*Directions*. Your answer should be only the lines below from the one with "Experimental setup of" to the one with "gsql -d testdb", repeated exactly, ends included.

*Entries shown*.
.....

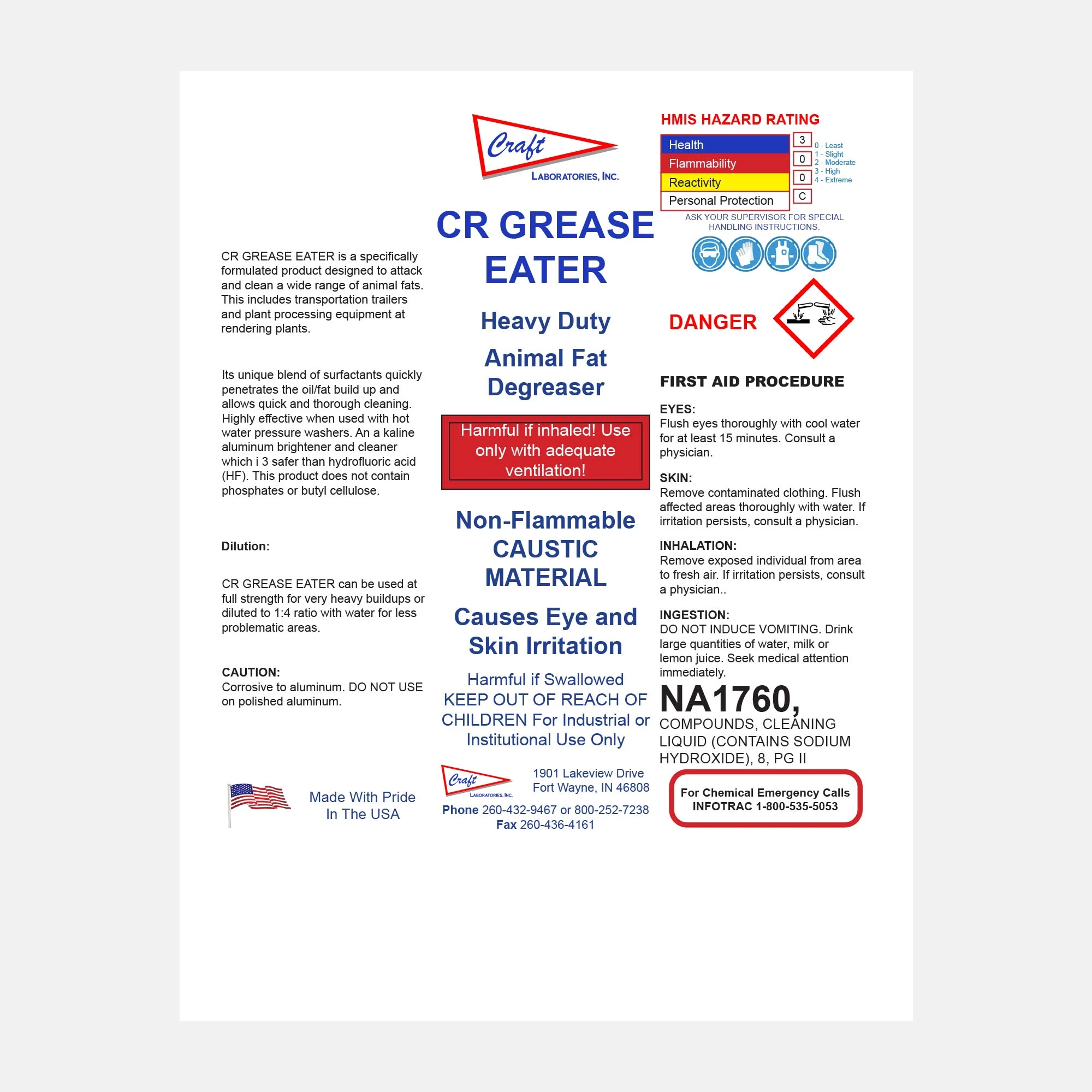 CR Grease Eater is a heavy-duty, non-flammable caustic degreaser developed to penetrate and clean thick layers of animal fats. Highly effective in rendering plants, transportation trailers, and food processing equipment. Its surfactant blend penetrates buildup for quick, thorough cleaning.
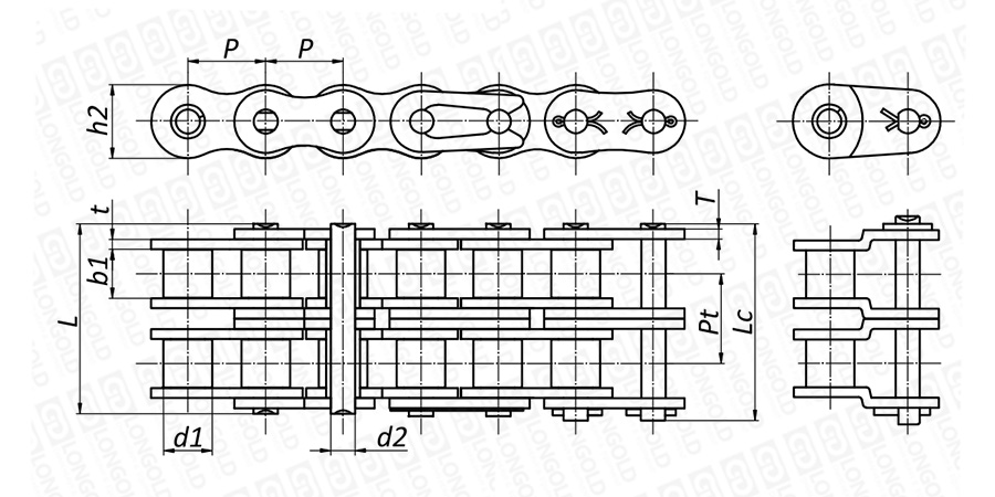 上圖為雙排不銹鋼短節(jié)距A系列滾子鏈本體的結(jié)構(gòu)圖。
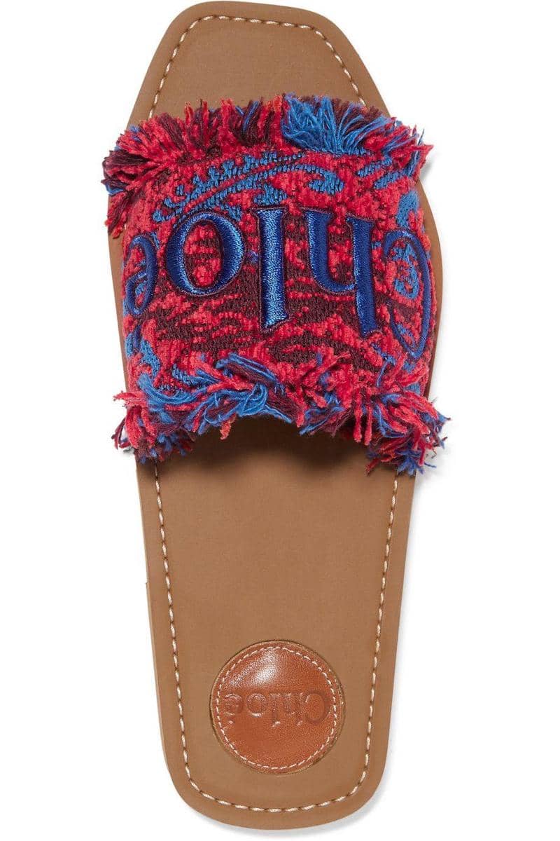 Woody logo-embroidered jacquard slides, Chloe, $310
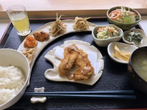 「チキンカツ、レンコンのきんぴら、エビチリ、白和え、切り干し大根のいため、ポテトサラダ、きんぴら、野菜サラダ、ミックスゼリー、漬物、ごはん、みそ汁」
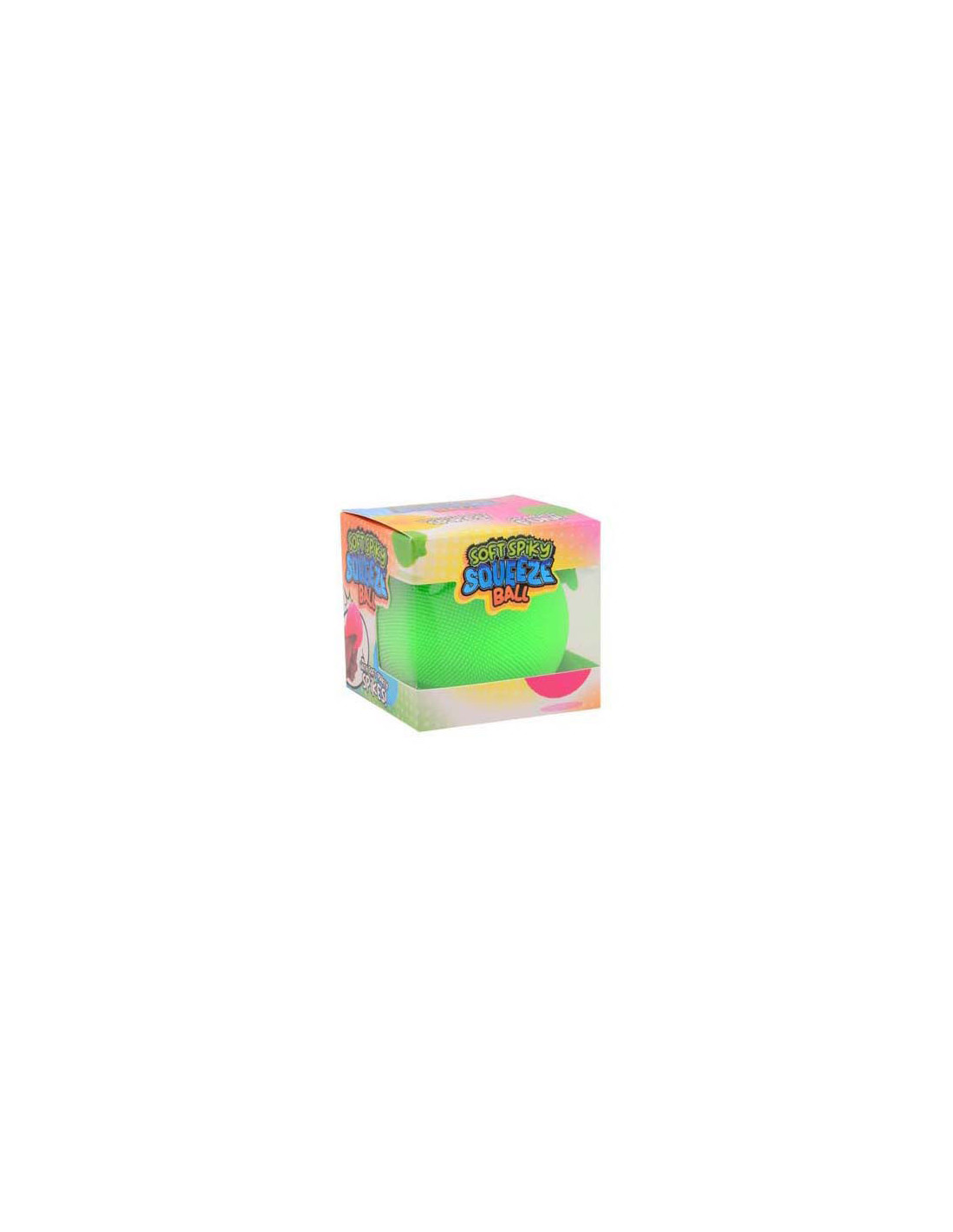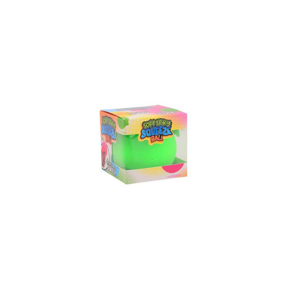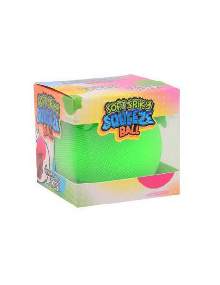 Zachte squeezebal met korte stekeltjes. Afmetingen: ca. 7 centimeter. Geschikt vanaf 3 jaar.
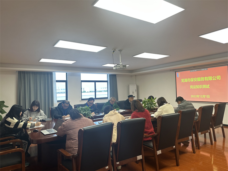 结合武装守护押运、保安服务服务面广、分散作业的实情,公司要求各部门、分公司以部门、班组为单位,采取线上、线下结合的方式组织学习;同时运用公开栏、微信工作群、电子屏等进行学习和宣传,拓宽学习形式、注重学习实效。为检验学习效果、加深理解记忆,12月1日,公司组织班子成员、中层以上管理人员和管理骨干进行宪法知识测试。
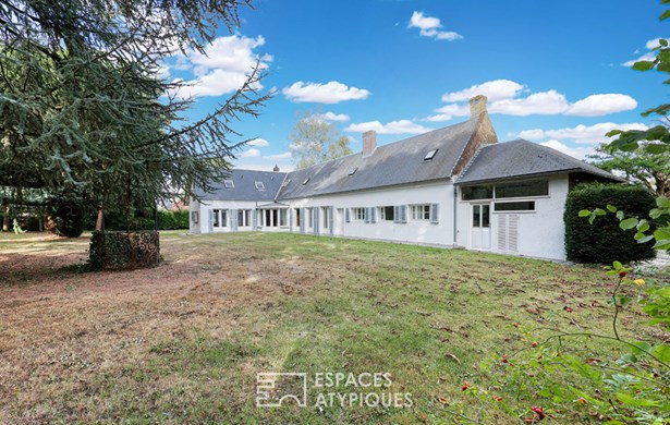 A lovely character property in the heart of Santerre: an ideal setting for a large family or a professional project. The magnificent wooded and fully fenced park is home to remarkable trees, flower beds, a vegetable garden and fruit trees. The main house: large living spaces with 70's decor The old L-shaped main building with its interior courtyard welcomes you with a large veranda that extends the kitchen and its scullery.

.....

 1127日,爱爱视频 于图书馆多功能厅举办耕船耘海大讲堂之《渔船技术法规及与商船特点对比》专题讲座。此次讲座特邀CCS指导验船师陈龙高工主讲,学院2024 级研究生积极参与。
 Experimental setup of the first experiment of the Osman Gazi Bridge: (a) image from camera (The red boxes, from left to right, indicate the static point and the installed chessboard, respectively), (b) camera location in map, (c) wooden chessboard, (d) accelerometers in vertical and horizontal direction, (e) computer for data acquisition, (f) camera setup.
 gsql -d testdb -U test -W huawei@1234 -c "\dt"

.....

*Output for this task*.
 Experimental setup of the first experiment of the Osman Gazi Bridge: (a) image from camera (The red boxes, from left to right, indicate the static point and the installed chessboard, respectively), (b) camera location in map, (c) wooden chessboard, (d) accelerometers in vertical and horizontal direction, (e) computer for data acquisition, (f) camera setup.
 gsql -d testdb -U test -W huawei@1234 -c "\dt"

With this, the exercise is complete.